Layer-wise Pruning Ratio¶
Automatically determines the optimal pruning ratio for each layer.
Key Experimental Results¶
LLaMA-7B Common Sense Reasoning¶
| Method | Pruning Ratio | Performance Retention |
|---|---|---|
| LLM-Pruner | 20% | 96.8% |
| LoRAP | 20% | 97.2% |
| SlimLLM | 20% | 98.7% |
Different Model Scales¶
| Model | SlimLLM 20% | SlimLLM 30% |
|---|---|---|
| LLaMA-7B | 98.7% | 95.2% |
| LLaMA-13B | 99.1% | 96.5% |
Key Findings¶
- Feature space evaluation captures channel importance more accurately than element-wise evaluation.
- Pearson similarity assesses head contributions better than attention scores.
- Linear regression recovery is extremely fast (on the order of seconds) and highly effective.
- Layer-wise ratio allocation outperforms uniform pruning.
- Achieves SOTA results across various LLaMA models.
Highlights & Insights¶
- "Considering direction and magnitude in the feature space" — a simple yet crucial improvement.

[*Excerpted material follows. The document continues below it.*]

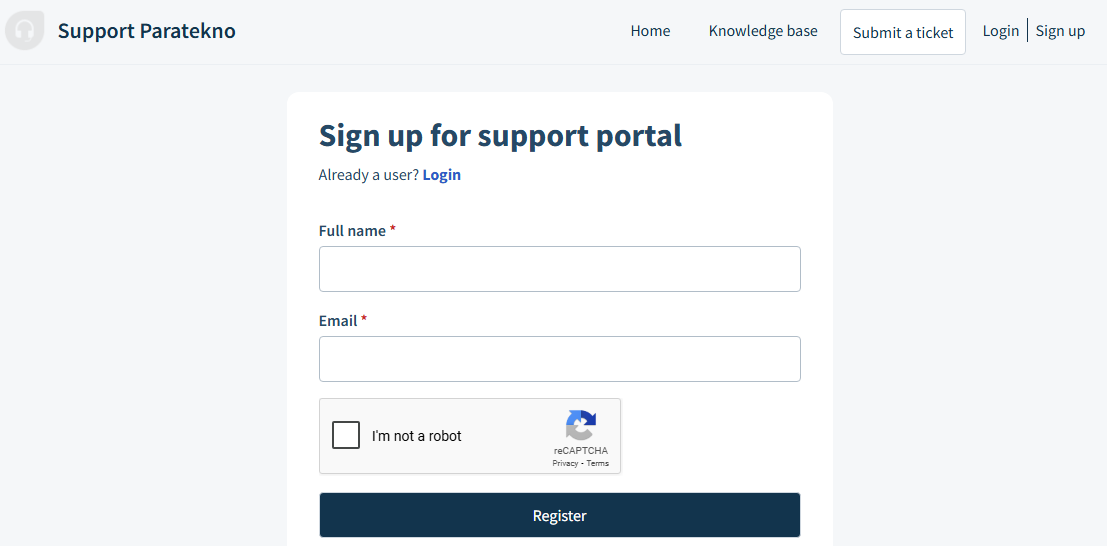 1. Kunjungi ticket.paratekno.com .Klik Sign Up

- Evaluating heads holistically rather than element-wise aligns better with intuition.
- Linear regression recovery is minimalist and efficient, eliminating the need for LoRA fine-tuning.
- Retaining 98.7% of performance under 20% pruning is practically lossless.

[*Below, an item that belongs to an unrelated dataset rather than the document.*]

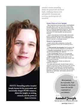 For readers and writers alike, Annabel Joseph’s work is a testament to the power of romance that dares to delve into the shadows of desire. Her stories don’t just ignite the senses— they challenge, comfort, and linger in the soul. And for those dreaming of crafting their own provocative tales, her wisdom lights the way: write boldly, write honestly, and above all, write with heart.

- The components of the method can be used independently (channels, heads, recovery, and ratios).
Limitations & Future Work¶
- Evaluation is restricted to the LLaMA series, with Mistral/Qwen yet to be tested.

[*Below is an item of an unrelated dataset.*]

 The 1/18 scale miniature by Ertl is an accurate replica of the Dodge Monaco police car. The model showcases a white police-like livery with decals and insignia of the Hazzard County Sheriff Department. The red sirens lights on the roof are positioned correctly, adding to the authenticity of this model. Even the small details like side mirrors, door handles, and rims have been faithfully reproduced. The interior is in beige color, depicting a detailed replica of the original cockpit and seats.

- The efficacy of linear regression recovery may be limited at higher pruning ratios (>40%).
- Greedy search for attention heads can be time-consuming when there are many heads.
- Joint application with quantization methods remains unexplored.
- The impact on long-context scenarios has not been evaluated.
Related Work & Insights¶
- Difference from LLM-Pruner: Gradient-free.
- Difference from Wanda: Structured rather than unstructured.
- Insight: Feature space evaluation can be extended to other scenarios requiring channel importance estimation.
Rating¶
- Novelty: 4.0/5 — Incremental work, but each component makes a clear contribution
- Experimental Thoroughness: 4.5/5 — Multi-model and multi-benchmark evaluation
- Writing Quality: 4.0/5
- Value: 4.5/5 — Possesses direct practical value for LLM compression
Supplementary¶
Intuition of Feature Space Importance¶
Element-wise importance focuses solely on weight magnitude, yet two channels sharing the same direction are redundant. Feature space importance considers both direction and magnitude, allowing the identification of truly unique channels.
Linear Regression Recovery vs. LoRA Fine-Tuning¶
LoRA requires multi-step training, whereas linear regression requires only a single-step closed-form solution—greatly accelerating the compression pipeline while maintaining accuracy.
Automation of Layer-wise Pruning Ratios¶
Different layers exhibit varying sensitivity to pruning. SlimLLM automatically computes the optimal pruning ratio for each layer, avoiding the sub-optimality associated with uniform pruning.
Effect of Greedy Head Search¶
Evaluating the importance of each head individually may be insufficient, as two individually unimportant heads might be crucial when combined. Greedy search identifies better combinations of heads within a reasonable computational budget.
Complementarity with Unstructured Methods¶
SlimLLM's structured pruning can be stacked with unstructured methods like SparseGPT—first removing channels/heads, then sparsifying the remaining weights.